--- Input data Enclosed Below ---

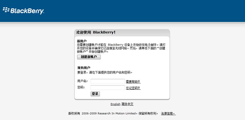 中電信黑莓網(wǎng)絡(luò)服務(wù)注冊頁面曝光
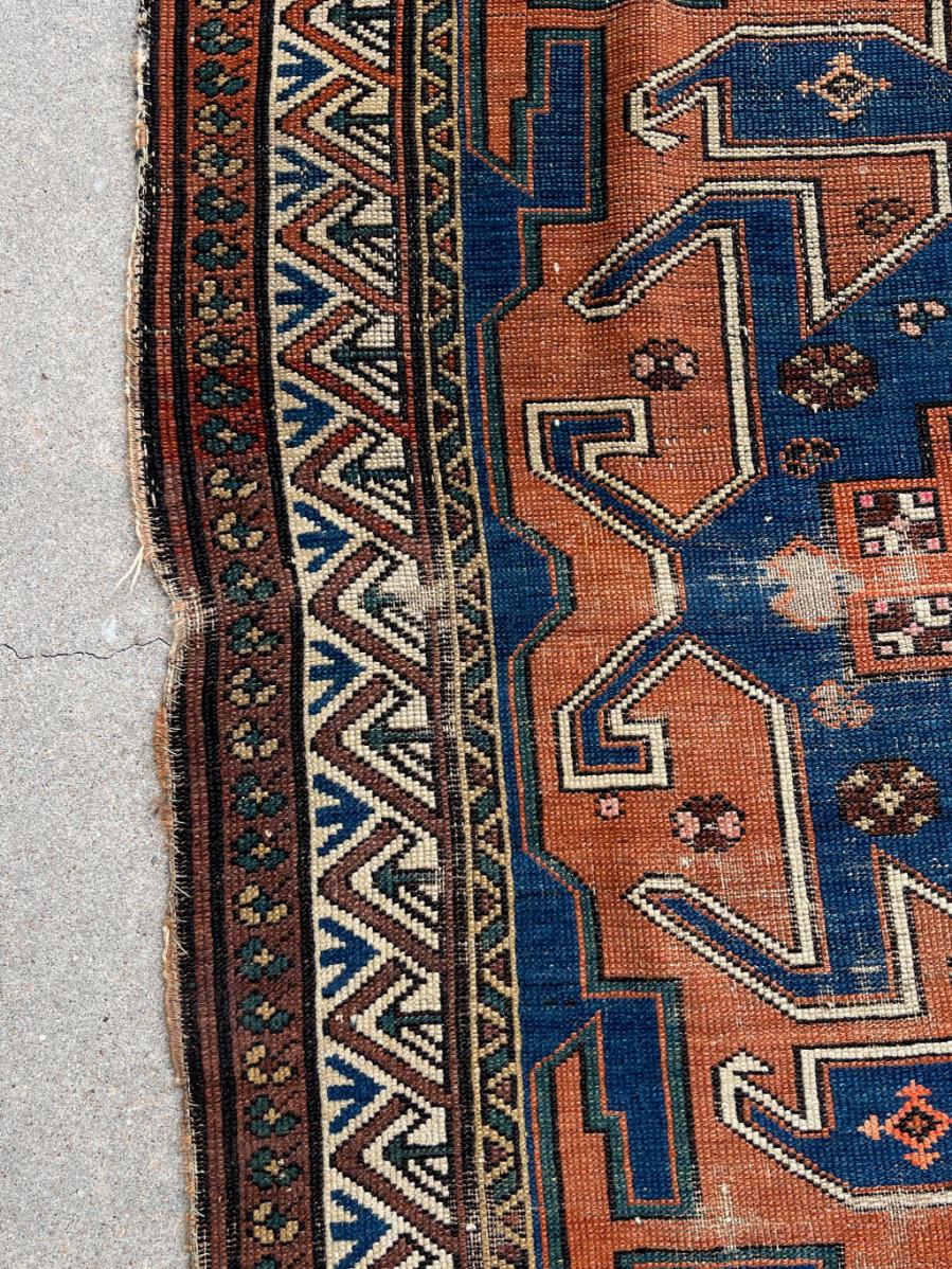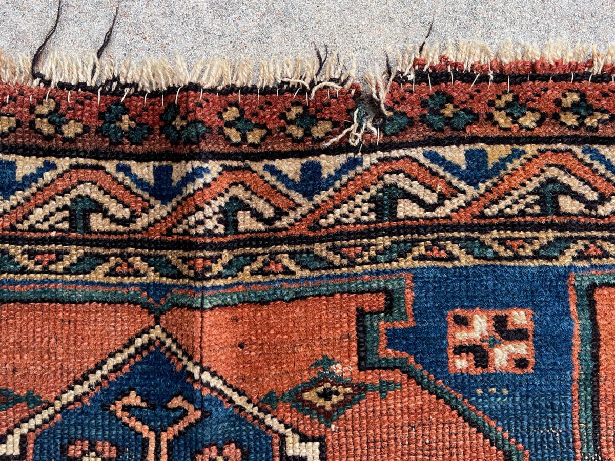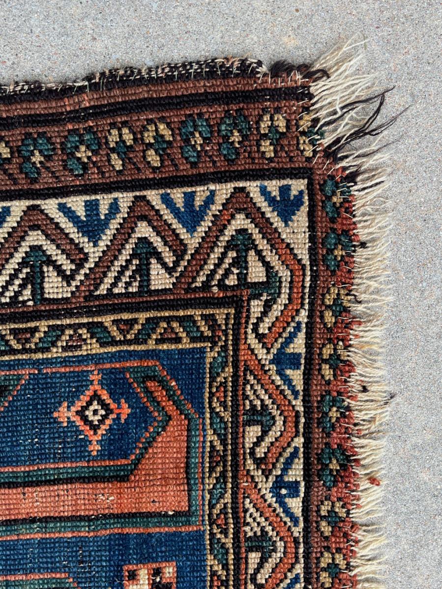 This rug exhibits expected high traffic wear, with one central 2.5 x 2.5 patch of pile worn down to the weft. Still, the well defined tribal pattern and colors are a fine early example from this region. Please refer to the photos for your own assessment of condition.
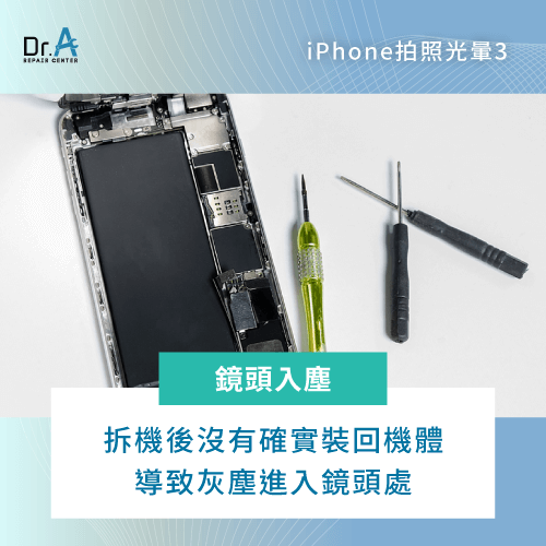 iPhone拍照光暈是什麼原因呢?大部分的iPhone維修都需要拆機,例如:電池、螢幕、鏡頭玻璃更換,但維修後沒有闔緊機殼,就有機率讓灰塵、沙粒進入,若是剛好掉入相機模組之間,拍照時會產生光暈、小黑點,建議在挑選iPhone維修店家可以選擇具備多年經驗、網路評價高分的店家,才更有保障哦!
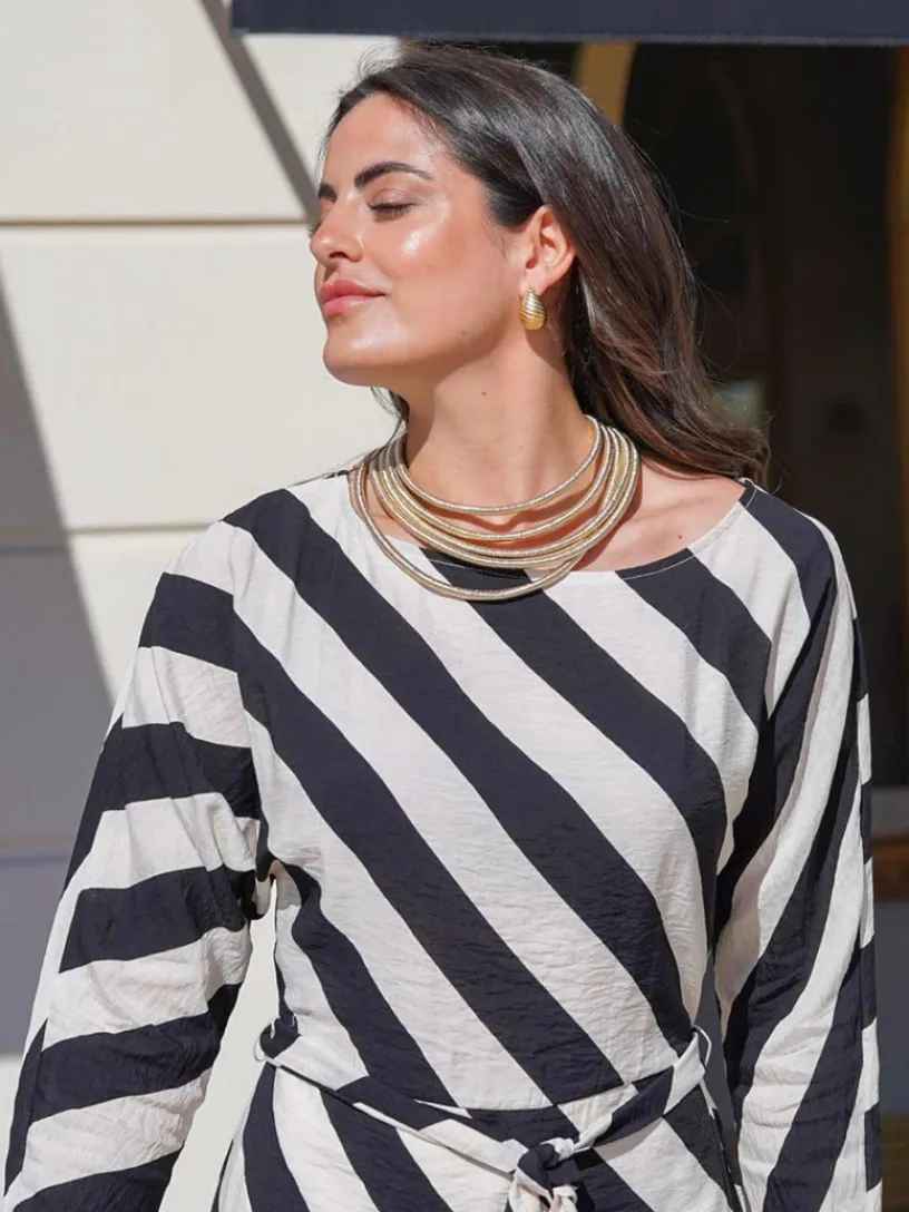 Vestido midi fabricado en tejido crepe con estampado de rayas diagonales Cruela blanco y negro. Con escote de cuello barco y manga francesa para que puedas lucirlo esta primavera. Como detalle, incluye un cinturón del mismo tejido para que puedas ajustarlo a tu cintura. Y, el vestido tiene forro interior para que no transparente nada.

--- End of Enclosed Input data ---

The pictures stay out; copy the rest of the data word for word.

__Solved problem__.
 中電信黑莓網(wǎng)絡(luò)服務(wù)注冊頁面曝光
 This rug exhibits expected high traffic wear, with one central 2.5 x 2.5 patch of pile worn down to the weft. Still, the well defined tribal pattern and colors are a fine early example from this region. Please refer to the photos for your own assessment of condition.
 iPhone拍照光暈是什麼原因呢?大部分的iPhone維修都需要拆機,例如:電池、螢幕、鏡頭玻璃更換,但維修後沒有闔緊機殼,就有機率讓灰塵、沙粒進入,若是剛好掉入相機模組之間,拍照時會產生光暈、小黑點,建議在挑選iPhone維修店家可以選擇具備多年經驗、網路評價高分的店家,才更有保障哦!
 Vestido midi fabricado en tejido crepe con estampado de rayas diagonales Cruela blanco y negro. Con escote de cuello barco y manga francesa para que puedas lucirlo esta primavera. Como detalle, incluye un cinturón del mismo tejido para que puedas ajustarlo a tu cintura. Y, el vestido tiene forro interior para que no transparente nada.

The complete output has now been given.